If the business you are establishing is a direct sales business – perhaps you are selling Tupperware® or a similar product – then, chances are your risks will be minimal making sole proprietorship quite appropriate. If, on the other hand, you are performing some type of service – maybe you are a painter or other type of home-improvement contractor – you should be aware of the possibility that a client may be dissatisfied with your work and will attempt to recover damages. As a sole proprietor, your own assets can be used to pay for these damages.

Another consideration in this decision is the amount of effort you are willing to make in completing your tax filing and other responsibilities. Comparatively speaking, the tax filing requirements for sole proprietorships are not as complicated as they are for corporations.

When it Makes Sense to Incorporate

As mentioned above, incorporating your business makes sense when there are financial risks associated with that business.
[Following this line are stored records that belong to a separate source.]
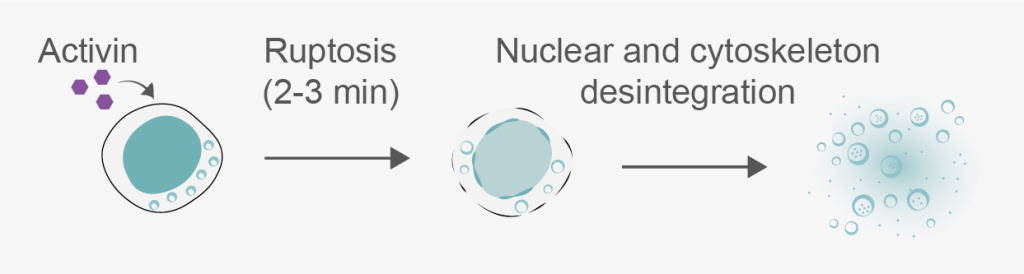 Figure 1- Mechanism of Ruptosis. Ruptoblasts are activated by the hormone activin, inducing rapid and explosive cell lysis. This process is characterized by synchronized membrane rupture and actin depolymerization, leading to the release of cytotoxic granules.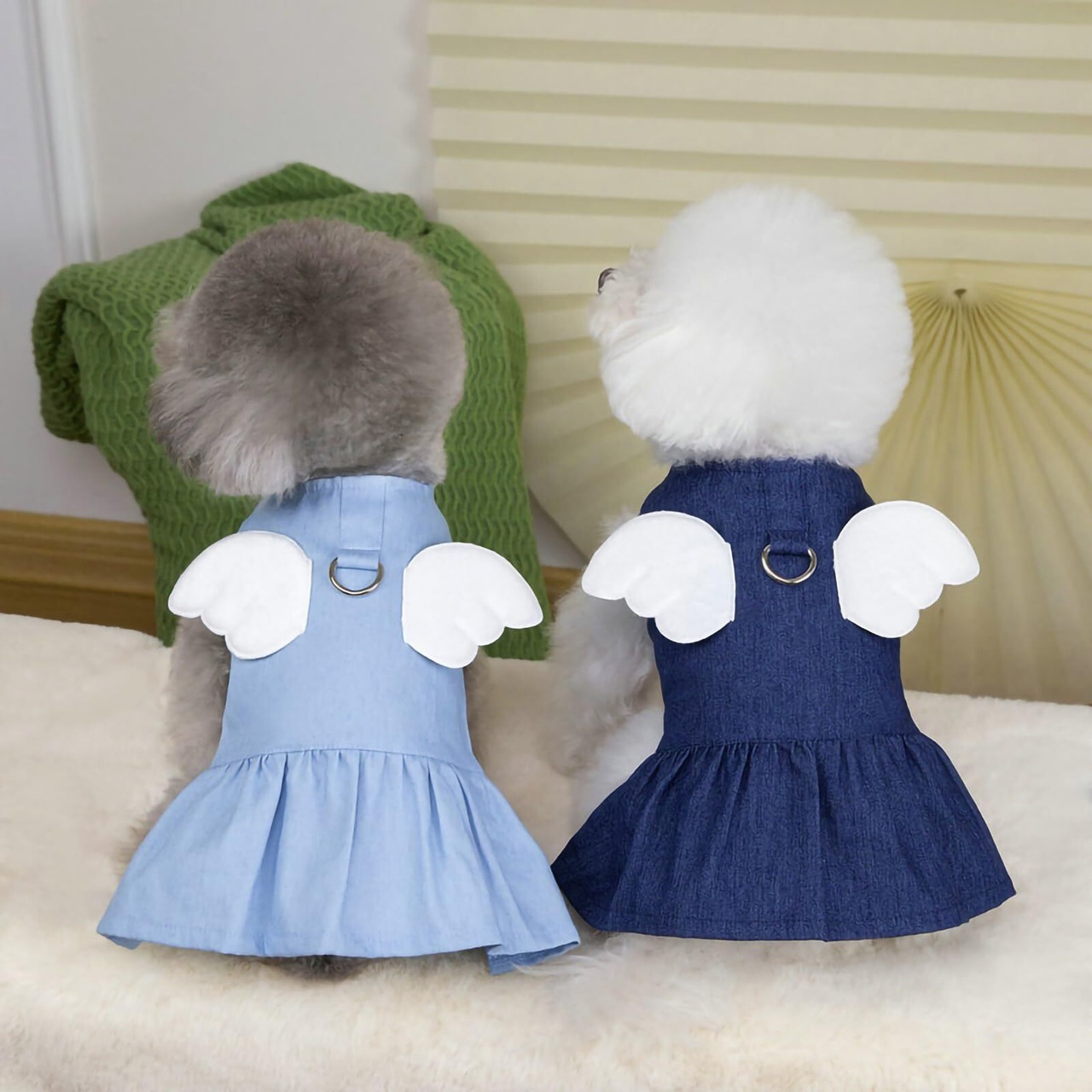 Bornoon 犬服 ワンピース 春夏 通気 お姫様 薄手 デニムスカート 袖なし 羽根デコレーションで リードDカン付き 洋服 可愛いワンピース 犬 服 猫 服 小型犬 中型犬 洋服 記念撮影 脱毛保護 (アクアブルーエンジェル, M)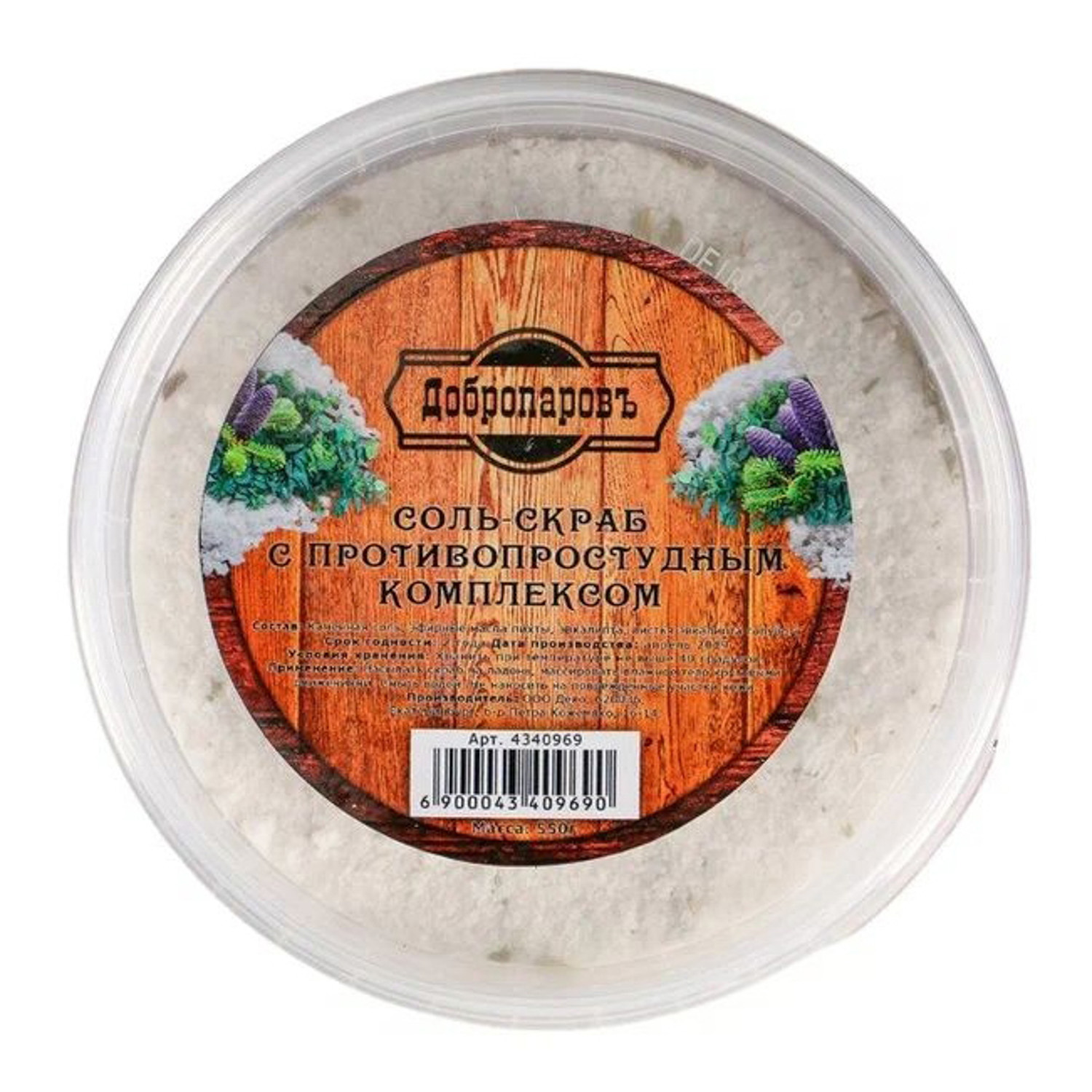 Солевой скраб "Добропаровъ" из белой каменной соли с противопростудным комплексом, 550 гр 43409
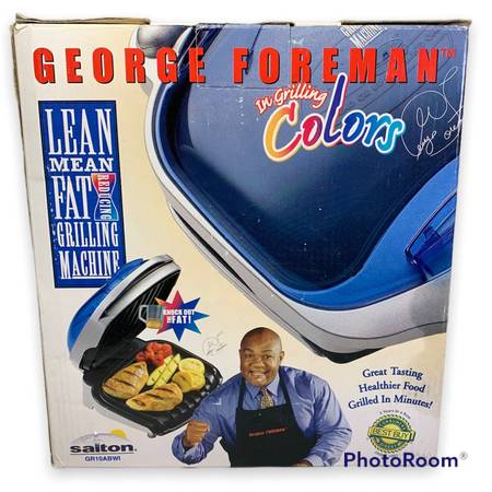 New George Foreman Grill - Blue - Family Size - In Grilling Colors - In Original Packing for $59 or best offer. Please text Manny at , if interested.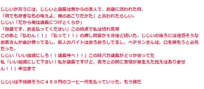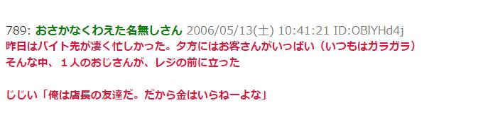 レジにて。おじさん『俺は店長の友達だ。金はいらねーよな』私「払って下さい」おじさん『払わん!』押し問答が続き…おじさん『店長を呼べ!』→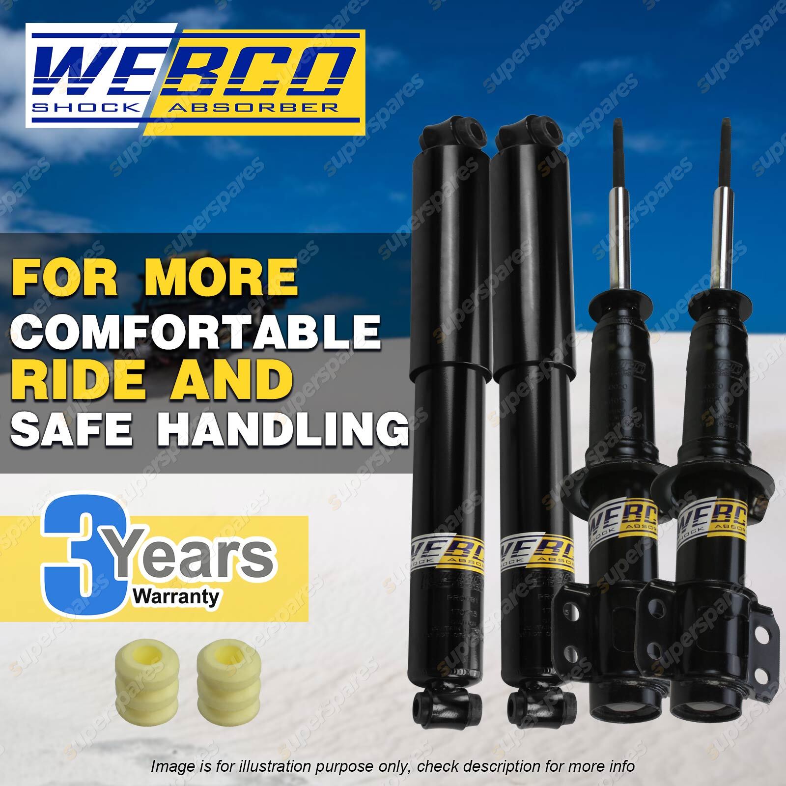 CONTENTS: 2 Pcs Front Webco Spring Seat Strut Shock Absorbers 2 Pcs Rear Webco Shock Absorbers SUITS: FORD TRANSIT All models Ute & Van Jan-91 - Jan-01 (*please advise year model, so we can make sure send you the right parts) |

Unfortunately, since everyone’s tolerance for risk is not the same. there isn’t a magic formula for determining how much risk is too much.

One of the biggest differences between a corporation and a sole proprietorship is the role of the owner. In a sole proprietorship, you, the business owner are considered to be the owner as well as an employee of the business. When you incorporate, you are no longer the owner – the corporation is – you are merely an employee of the corporation. As a result, your liability is limited to the extent of the assets of the corporation.

And, because you are an employee, you will receive a salary from the business, meaning you will not bear the entire tax liability of the corporation as you would had you chosen to remain a sole proprietor.

It probably comes as little surprise then that establishing a corporation is more complex than setting up a sole proprietorship. In fact, you will need an attorney to assist with the necessary filings.

The fees for setting up a corporation vary depending on the complexity of the filing and the attorney you choose – you should budget $250 - $500. There are a few corporate structures to choose from, however, subchapter S is the form most commonly used for home based operations.

The Required Disclaimer

The information presented here is intended only to give you an overview of the differences between the two different business structures. It is not intended to be a substitute for actual legal advice. Before deciding on the appropriate structure for your business, you should consult with your own legal counsel.